> **Stored data**:
================
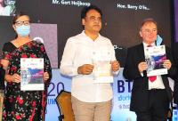 | Event Details: | DCM Ashwath Narayan with Jette Bjerrum, Consul General of Denmark, Jeremy Pilmore Bedford, UK Deputy High Commissioner and others releasing a brochure during a press conference on “Bengaluru Tech Summit 2020” at a private hotel, in Bengaluru on Monday 9th November 2020 |
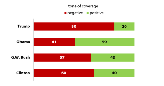 “Of news reports with a clear tone, negative reports outpaced positive ones by 80 percent to 20 percent,” the study found.
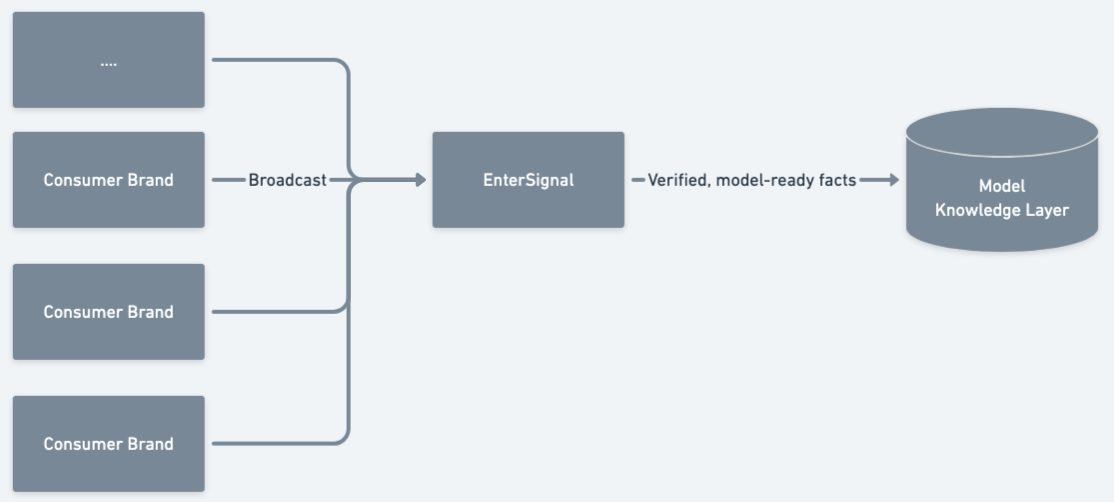 EnterSignal is the live data bridge between consumer brands and generative‑AI assistants. We stream verified, model‑ready “enterprise facts”—prices, inventory, promotions, policy updates, and more—so assistants always speak with up‑to‑the‑second accuracy.
================
> **Task instructions**: Starting at the line that contains "the study found.", restate each line verbatim through the final line of the listing, skipping all pictures.

> **Output**:
 “Of news reports with a clear tone, negative reports outpaced positive ones by 80 percent to 20 percent,” the study found.
 EnterSignal is the live data bridge between consumer brands and generative‑AI assistants. We stream verified, model‑ready “enterprise facts”—prices, inventory, promotions, policy updates, and more—so assistants always speak with up‑to‑the‑second accuracy.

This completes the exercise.